# car insurance for young drivers



## NB89 (Aug 1, 2006)

hi,

does anyone know of good insurers for young male drivers. i am 18 and have one years no claims bonus and pass plus, my insurance has come considerably in that year from £2800 to £1600 due to my ncb, however i am thinking about replacing my audi a3 with an audi s3 or honda civic type r. yet it seems that this is not going to happen as they are both 2.olitre turbo engines and insurers dont even want to go ear youngsters with engines like this. i am willing to pay insurance in the region of £2500-3000 but i cannot get quotes anywhere near this target!

does anyone know of any insurers whose prices may be able to compete?

cheers


----------



## warren (Jun 16, 2008)

hi mate the type r aint turbo, just a 2l v-tec.

try admiral iv got a del sol with thousands put into it and it costs me £900 but when i was 18 it cost £1500 and mine has 200 odd bhp and all parts declared.


----------



## mrbez (Feb 8, 2008)

I'm with M+S mate, I have almost three years no claims on a Golf GT TDI 1.9 and my insurance is £480 a year. I'm 20. Give them a try buddy.

Not thought about an Astra VXR? Prices are dropping on them for a used one, my best mates got one and I would have it over an S3 or Civic anyday.


----------



## Chris4Pez1436114538 (Sep 3, 2007)

Yh m8 honestly the best thing to do is go onto

http://www.gocompare.com/default.aspx?Media=GG003&campaign=google_brand&kw=go+compare+exact

and also

http://www.moneysupermarket.com

and also

http://www.uswitch.com

and

http://www.confused.com

then get the top three off each (you may find that they are either the same or simular) and get the cheapest you can by calling and saying well this company can do it for this can you beat it, you will find all the prices come down slowly (but there is only a few times you can do this and they wont go any lower than that!)

then once you have got the lowest possible price go and try premium choice who i am insured with and they will probabily give it you even cheaper lol!

hope this helps


----------



## NeilpWest (Aug 19, 2007)

you are looking at cars with class17 insurance group wait till your 21 to get something like a type r. Either that or use direct line and go on one of your rents insurance you still get no claims with them and its cheaper.


----------



## NB89 (Aug 1, 2006)

NeilpWest said:


> you are looking at cars with class17 insurance group wait till your 21 to get something like a type r. Either that or use direct line and go on one of your rents insurance you still get no claims with them and its cheaper.

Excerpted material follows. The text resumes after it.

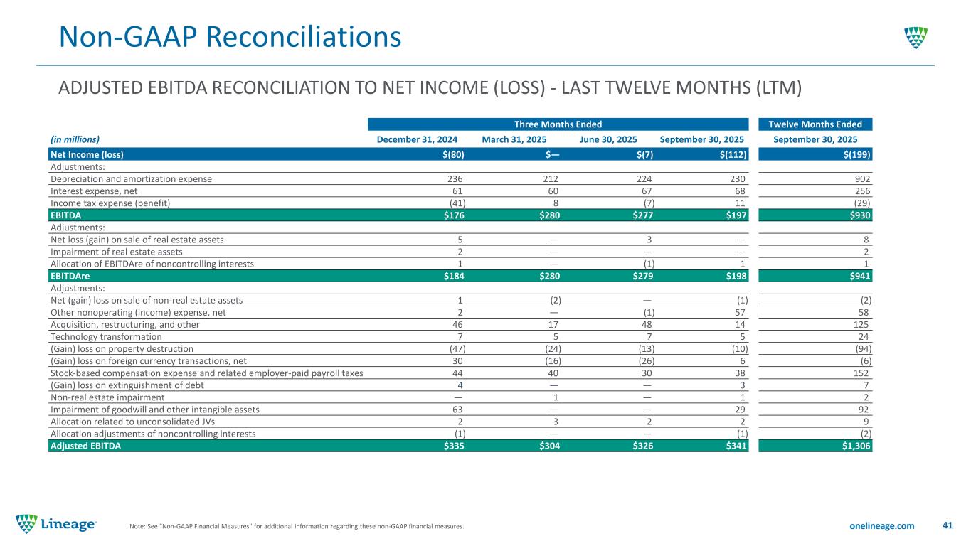 ADJUSTED EBITDA RECONCILIATION TO NET INCOME (LOSS) - LAST TWELVE MONTHS (LTM) Non-GAAP Reconciliations 41Note: See "Non-GAAP Financial Measures" for additional information regarding these non-GAAP financial measures. Three Months Ended Twelve Months Ended (in millions) December 31, 2024 March 31, 2025 June 30, 2025 September 30, 2025 September 30, 2025 Net Income (loss) $(80) $— $(7) $(112) $(199) Adjustments: Depreciation and amortization expense 236 212 224 230 902 Interest expense, net 61 60 67 68 256 Income tax expense (benefit) (41) 8 (7) 11 (29) EBITDA $176 $280 $277 $197 $930 Adjustments: Net loss (gain) on sale of real estate assets 5 — 3 — 8 Impairment of real estate assets 2 — — — 2 Allocation of EBITDAre of noncontrolling interests 1 — (1) 1 1 EBITDAre $184 $280 $279 $198 $941 Adjustments: Net (gain) loss on sale of non-real estate assets 1 (2) — (1) (2) Other nonoperating (income) expense, net 2 — (1) 57 58 Acquisition, restructuring, and other 46 17 48 14 125 Technology transformation 7 5 7 5 24 (Gain) loss on property destruction (47) (24) (13) (10) (94) (Gain) loss on foreign currency transactions, net 30 (16) (26) 6 (6) Stock-based compensation expense and related employer-paid payroll taxes 44 40 30 38 152 (Gain) loss on extinguishment of debt 4 — — 3 7 Non-real estate impairment — 1 — 1 2 Impairment of goodwill and other intangible assets 63 — — 29 92 Allocation related to unconsolidated JVs 2 3 2 2 9 Allocation adjustments of noncontrolling interests (1) — — (1) (2) Adjusted EBITDA $335 $304 $326 $341 $1,306
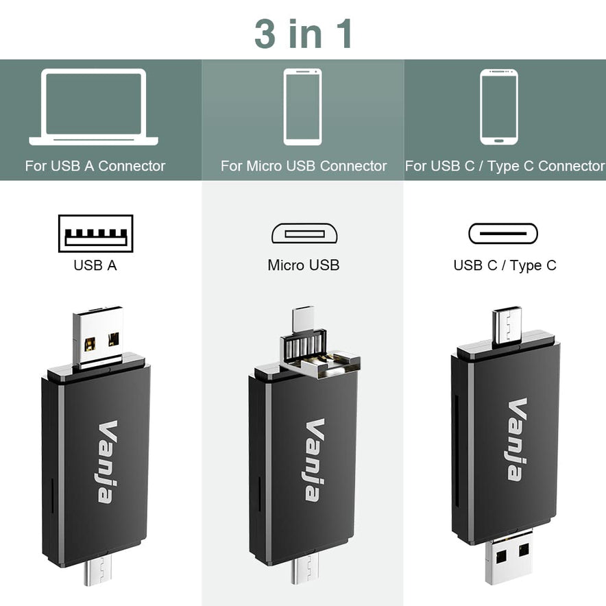 - [Multi-Function Design] - Vanja USB 2.0 Card Reader set the USB 2.0 plug, Micro USB plug and USB C plug in one, making this card reader compatible with all USB C device and tablets and Android smart phones that support OTG function.

that direct line thing is a rip off really because the no claims you build on a parents insurance is only valid with direct line, then they charge you a premium because they have you trapped


----------



## NB89 (Aug 1, 2006)

Chris4Pez said:


> Yh m8 honestly the best thing to do is go onto
> 
> http://www.gocompare.com/default.aspx?Media=GG003&campaign=google_brand&kw=go+compare+exact
> 
> ...


cheers mate i've looked at a few sites but can't seem to get below stupid prices like £5600 lol


----------



## Chris4Pez1436114538 (Sep 3, 2007)

Again i would say that you should wait for a bit longer then m8 as insurance is a bitch

i had to wait til i had my jeep as it was a class 19 i think or something like that and i pay 70 a month and am 22 with 3 or 4 cant remember lol NCB!

Best advice any1 can give is juat wait m8!!!!!!


----------



## 13stonetarget (Aug 21, 2007)

You're just gonna have to suck it up mate. It's expensive because most lads your age will crash a car like that. Good luck and drive safe whatever you do.


----------



## NeilpWest (Aug 19, 2007)

gangst said:


> that direct line thing is a rip off really because the no claims you build on a parents insurance is only valid with direct line, then they charge you a premium because they have you trapped


i have been with direct line for 3yrs now they always seem to be cheapest for me.


----------



## chrisj22 (Mar 22, 2006)

Yeah, Direct Line were good for me, but I'm with Tesco's now & they seem to be ok.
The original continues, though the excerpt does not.